The practice is rated as good for the care of working-age people (including those recently retired and students).

  • The needs of the working age population, those recently retired and students had been identified and the practice had adjusted the services it offered to ensure these were accessible, flexible and offered continuity of care. For example the practice offered morning, extended evening and monthly Saturday appointments face to face or via the telephone.

  • The practice was proactive in offering online services as well as a full range of health promotion and screening that reflected the needs for this age group.

People experiencing poor mental health (including people with dementia)

Good

Updated 23 March 2016

The practice is rated as good for the care of people experiencing poor mental health (including people with dementia).

  • The practice carried out advance care planning for patients with dementia and 86.8% of people diagnosed with dementia had had their care reviewed in a face to face meeting in the last 12 months compared with the national average of 84%.

  • 79.7% of people experiencing poor mental health (above national average of 88.4%) had a comprehensive documented care plan in place.

  • The practice regularly worked with multi-disciplinary teams in the case management of people experiencing poor mental health, including those with dementia.

  • The practice had told patients experiencing poor mental health about how to access various support groups and voluntary organisations.

  • It had a system in place to follow up patients who had attended accident and emergency where they may have been experiencing poor mental health.

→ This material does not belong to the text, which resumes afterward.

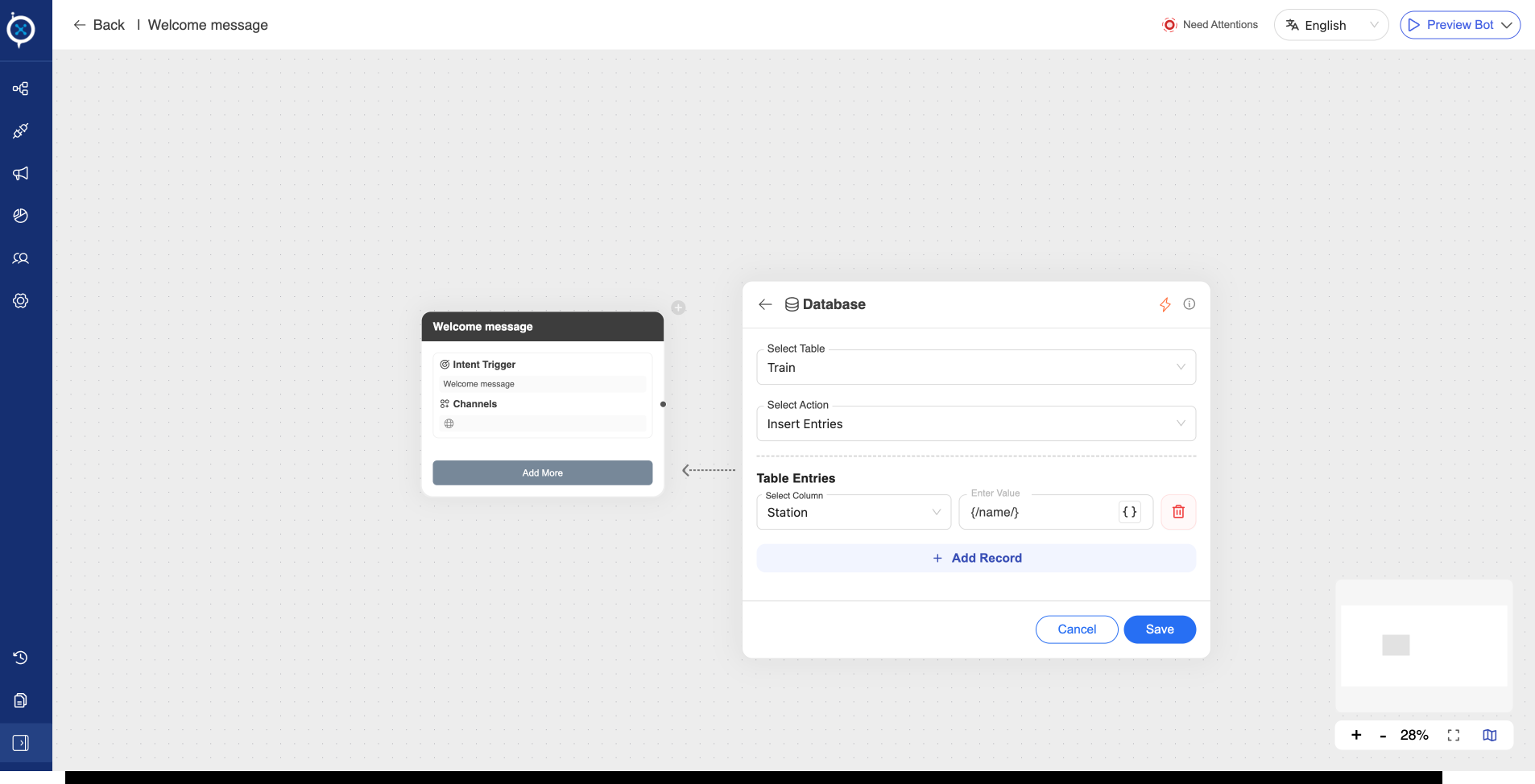 This feature is essential for building dynamic, data-driven conversational flows. Instead of losing information once a conversation ends, you can store it in a structured way. The Database is directly accessible from the Flow Builder through the "Database" action element, allowing you to perform common database operations like inserting, updating, searching for, and deleting records as part of a user journey.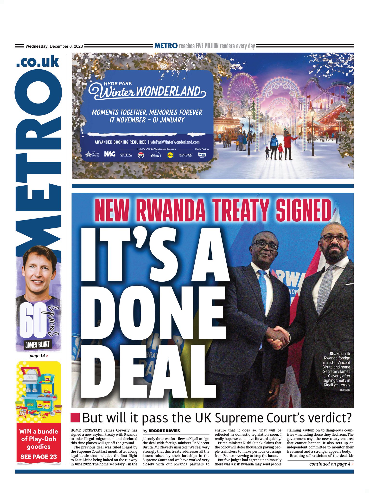 The Metro reports on James Cleverly and Vincent Biruta’s handshake marking the UK’s new asylum treaty with Rwanda.

  • Staff had a good understanding of how to support people with mental health needs and dementia.

  • Patients with poor mental health were given extended appointments.

People whose circumstances may make them vulnerable

Good

Updated 23 March 2016

The practice is rated as good for the care of people whose circumstances may make them vulnerable.

  • The practice held a register of patients living in vulnerable circumstances including those with a learning disability and with alcohol or substance misuse.

  • It offered longer appointments for people with a learning disability.

  • The practice regularly worked with multi-disciplinary teams in the case management of vulnerable people.

  • It had told vulnerable patients about how to access various support groups and worked with voluntary organisations, one of which was co-located in the building.

  • Staff were familiar with patients from this group and knew and understood family dynamics.

  • Staff knew how to recognise signs of abuse in vulnerable adults and children. Staff were aware of their responsibilities regarding information sharing, documentation of safeguarding concerns and how to contact relevant agencies in normal working hours and out of hours.